Marc Dunoyer, Chief Executive Officer, Alexion, said: "Koselugo offers hope for children whose quality of life and overall well-being is impacted by the growth of painful, debilitating tumours throughout the body. We are proud to bring forward a new, innovative treatment option to the NF1 community in China, delivering on Alexion’s commitment to reach more people living with rare diseases in China, and transform the lives of patients and caregivers across the globe."

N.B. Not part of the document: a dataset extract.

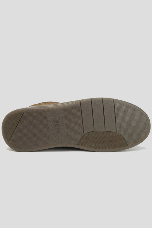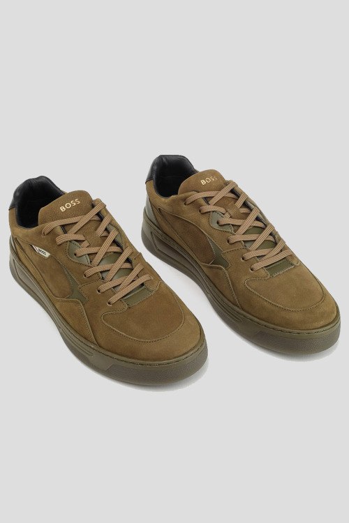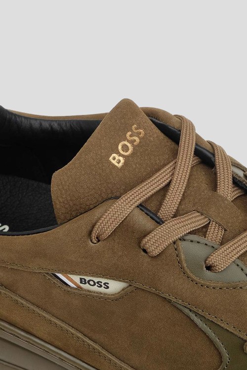 Детали: Мужские светло-коричневые замшевые кроссовки Baltimore от Hugo Boss (Хуго Босс). Кожаные вставки, логотип сбоку и на язычке, классическая шнуровка, закругленный носок, резиновая подошва

Results from the SPRINT Stratum 1 Phase II trial were published in The New England Journal of Medicine and showed that Koselugo demonstrated an objective response rate (ORR) of 66% (33 of 50 patients, confirmed partial responses) in paediatric patients with PNs in NF1 when treated with Koselugo as twice-daily oral monotherapy.1,2 ORR is defined as the percentage of patients with confirmed complete (disappearance of PNs) or partial response (at least 20% reduction in tumour volume).1 The most common adverse reactions in the SPRINT trial were vomiting, blood creatine phosphokinase increase, diarrhoea and nausea.1

In addition to China, Koselugo is also approved in the US, EU, Japan and several other countries for the treatment of paediatric patients with NF1 and symptomatic, inoperable PNs.

Notes

NF1
NF1 is a debilitating genetic condition that is caused by a spontaneous or inherited mutation in the NF1 gene.9 NF1 is associated with a variety of symptoms, including soft lumps on and under the skin (cutaneous neurofibromas) and skin pigmentation (so-called ‘café au lait’ spots) and, in 30-50% of patients, tumours develop on the nerve sheaths (plexiform neurofibromas).5,9 These plexiform neurofibromas (PNs) can cause clinical issues such as disfigurement, motor dysfunction, pain, airway dysfunction, visual impairment and bladder or bowel dysfunction.2,5-8 PNs begin during early childhood, with varying degrees of severity, and can reduce life expectancy by up to 15 years.5,8-10

SPRINT
The SPRINT Stratum 1 Phase II trial was designed to evaluate the objective response rate and impact on patient-reported and functional outcomes in paediatric patients with NF1-related inoperable PNs treated with Koselugo (selumetinib) monotherapy.2 This trial sponsored by NCI CTEP was conducted under a Cooperative Research and Development Agreement between NCI and AstraZeneca with additional support from Neurofibromatosis Therapeutic Acceleration Program (NTAP).

Koselugo
Koselugo (selumetinib) is the first and only approved therapy by China’s NMPA for the treatment of symptomatic, inoperable PNs in paediatric patients with NF1 aged three years and above.1 Koselugo blocks specific enzymes (MEK1 and MEK2), which are involved in stimulating cells to grow.1 In NF1, these enzymes are overactive, causing tumour cells to grow in an unregulated way. By blocking these enzymes, Koselugo slows down the growth of tumour cells.1

Koselugo is approved for use in the US, EU, Japan and China and has received Orphan Drug Designation in the US, EU, Russia, Switzerland, South Korea, Taiwan, Japan and Australia, and health authorities worldwide are reviewing regulatory submissions.